Purification of the catalytic subunit of adenylate cyclase in vertebrates: state of the art in 1987.

After 30 years of effort, the mammalian adenylate cyclase catalytic subunit has now been purified. It is a glycoprotein of 155 kDa, representing less than 0.01% of synaptosomal membrane protein. As measured in the presence of forskolin, its specific activity is 10-20 mumol of cAMP X mg-1 X min-1. The enzyme obtained is completely devoid of Gs alpha subunits, and is calmodulin-dependent. The purification procedures involve an affinity chromatography step, either with calmodulin, or with forskolin, or both. If gel filtration precedes the affinity chromatography, two different fractions with high specific enzyme activity are obtained. One contains the 155 kDa protein as the sole component. The other contains, as its major component, a 105 kDa protein. The relationship between the 2 proteins remains to be defined.

Evidence for two distinct adenylate cyclase catalysts in rat brain.

The Lubrol-soluble adenylate cyclase activity of brain synaptosomal membranes appeared, upon gel filtration or sucrose gradient centrifugation, as two overlapping peaks. Fractions corresponding to the peak of the largest Stokes radius (Biogel pool 1) or highest s value (gradient pool 1) contained an adenylate cyclase activity which could be detected whatever the enzyme assay conditions. In contrast, in fractions from the second peak (Biogel pool 2 or gradient pool 2), forskolin was needed to reveal adenylate cyclase activity. The enzyme activity of each Biogel pool was retained by forskolin-agarose and eluted by forskolin with a 34-83% yield. A polypeptide of 155 kDa made up 80% of the forskolin-agarose eluate 1, whereas it was almost absent from eluate 2. Since data from various groups point to the 155 kDa polypeptide as a brain adenylate cyclase catalyst, still another distinct catalyst of lower molecular mass is likely to be present in brain.

Identification of the catalytic subunit of brain adenylate cyclase: a calmodulin binding protein of 135 kDa.
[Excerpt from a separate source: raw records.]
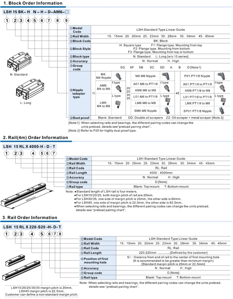 Danh Sách Model Và Thông Số Kỹ Thuật Thanh Trượt – Con Trượt LSH Series
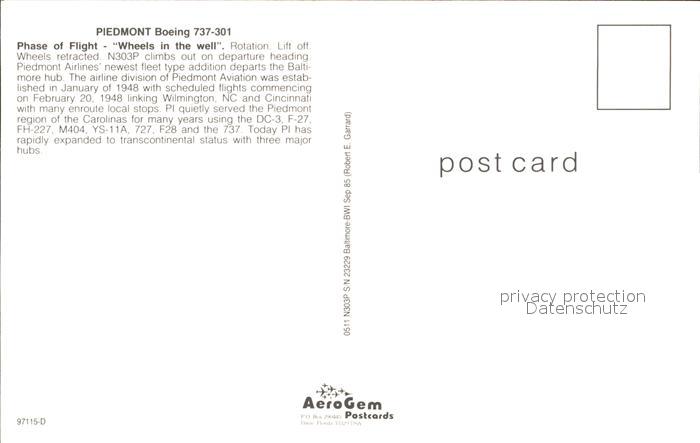Flugzeuge Zivil Piedmont Boeing 737-301 postalisch nicht gelaufen Erhaltung siehe scans
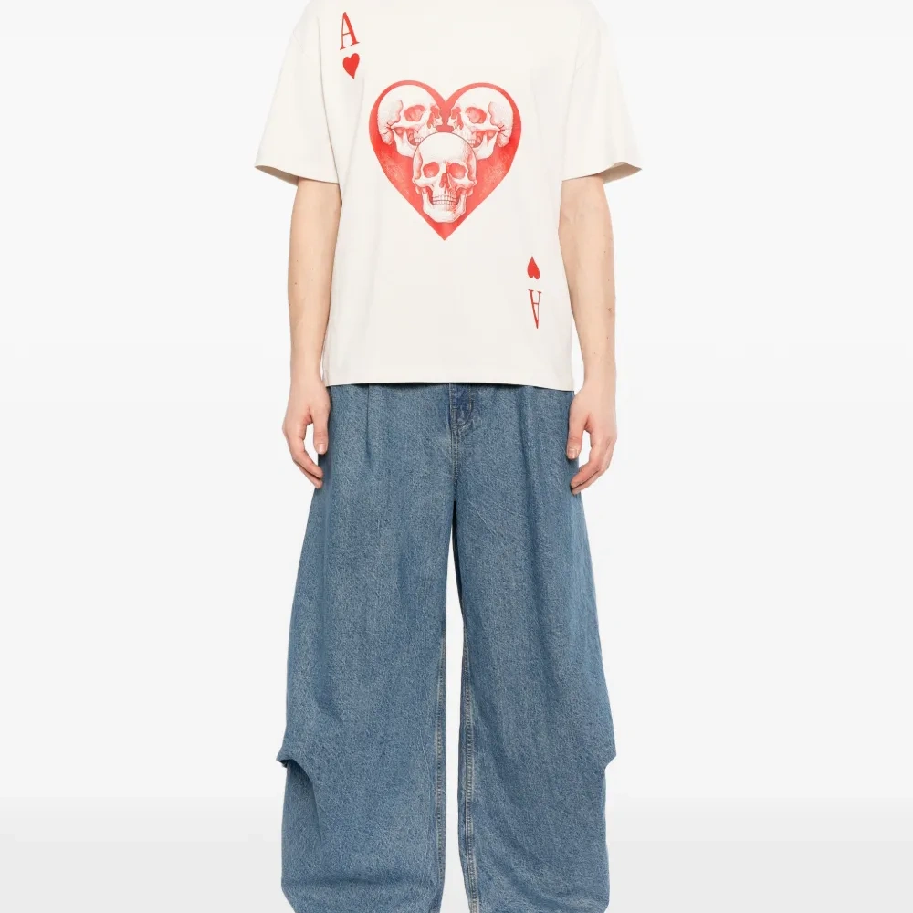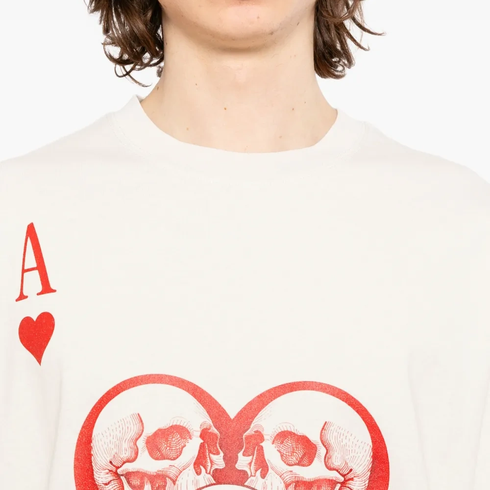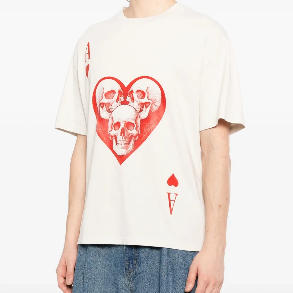 слегка белая (молочная) футболка с изображением сердца и черепа, короткие рукава, круглый вырез
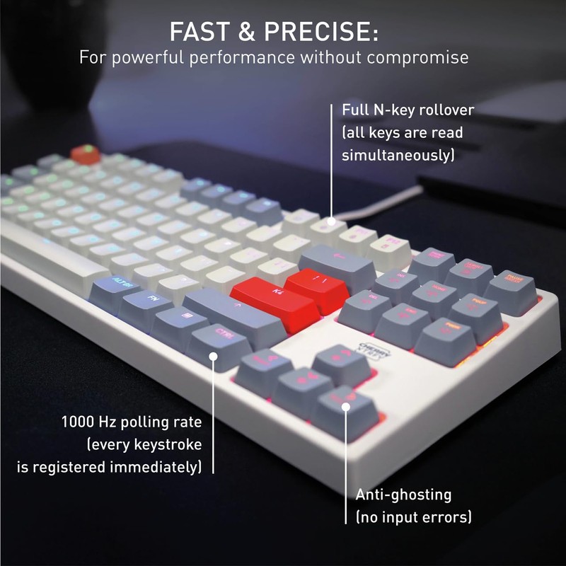 - SPLIT-SECOND REACTIONS. 1000 Hz polling rate makes for instant registration of every key- press, while full N-key rollover means zero missed keystrokes – no matter how many you press at once.
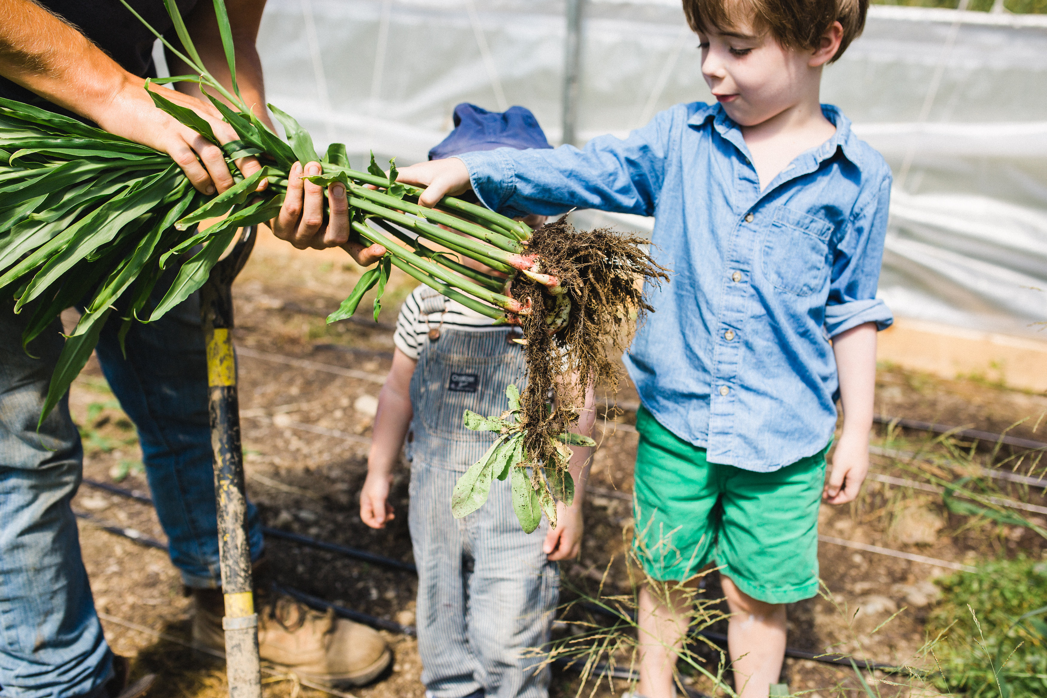 First we stepped into a humid greenhouse to help harvest ginger. The boys were excited to pull it up from the ground.
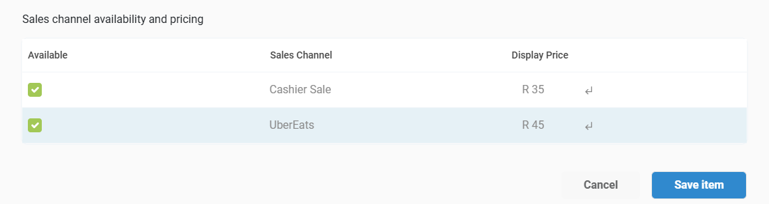 Sales channel availability and pricing allows you to specify different pricing for different sales channels. For example, if you are using UberEats or another third-party delivery system, you can specify that this item will have a different pricing, and you can toggle the availability of this particular item on that channel.
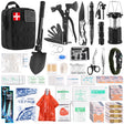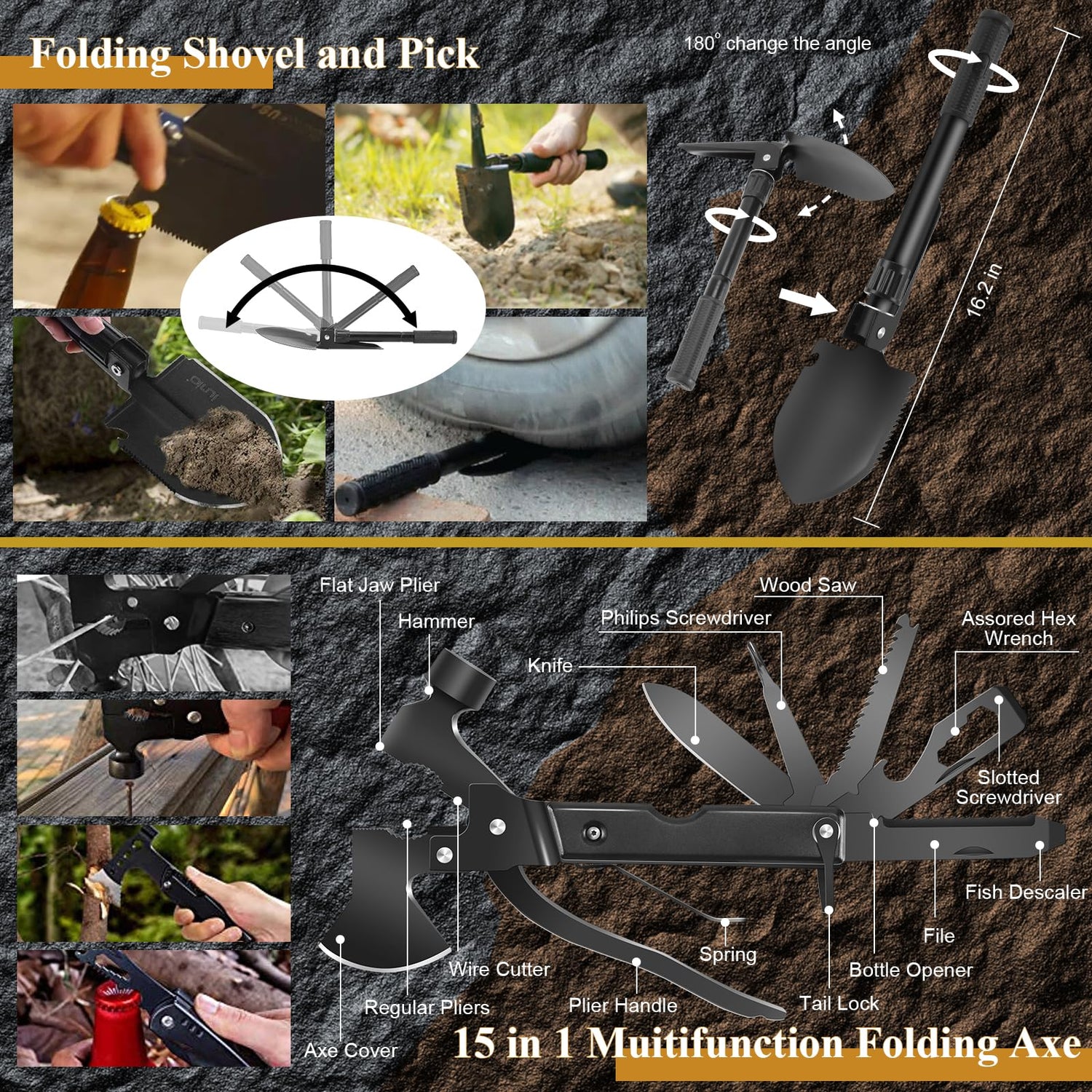- 【High-quality Survival Gear and Equipment for Camping or Home Needs】 The survival first aid kit offers high-quality and professional tactical survival tools to ensure you will be well-prepared under any emergencies. The kit contains: 14 in 1 hatchet, folding shovel and pick, collapsible tent lantern, tactical flashlight, survival bracelet,multi-tool card, fire starter, emergency blanket, 12-hour glow stick, wire saw, and emergency rain poncho.

The partial purification of the eukaryote adenylate cyclase [ATP pyrophosphate-lyase (cyclizing), EC 4.6.1.1] catalytic subunit has been achieved by a procedure based on the calmodulin (CaM) sensitivity of the enzyme. Small amounts of rat brain synaptosomal membranes depleted of CaM were solubilized with Lubrol and subjected to a three-step chromatographic procedure involving gel filtration, a CaM-Sepharose affinity step, and fast protein liquid chromatography. About 20% of the adenylate cyclase activity contained in the membranes was recovered in the final enriched fraction with a specific activity of 200 nmol X mg-1 X min-1. The alpha subunits of the adenylate cyclase stimulatory proteins NS were absent from this final fraction. The addition of CaM, of forskolin, or of preactivated NS-containing fractions to this preparation greatly increased the enzyme activity. A CaM-binding polypeptide of 135,000 Da copurified with the adenylate cyclase activity in each of the three steps. Polyacrylamide gel electrophoresis of the final fraction showed that this polypeptide represented 35% of the total protein. We propose that this polypeptide is likely to be the adenylate cyclase catalytic subunit. This enzyme would represent close to 0.5% of the synaptosomal membrane proteins. Its low turnover number would be due to the absence of the alpha subunits of the NS regulatory proteins and would correspond to the enzymic basal level.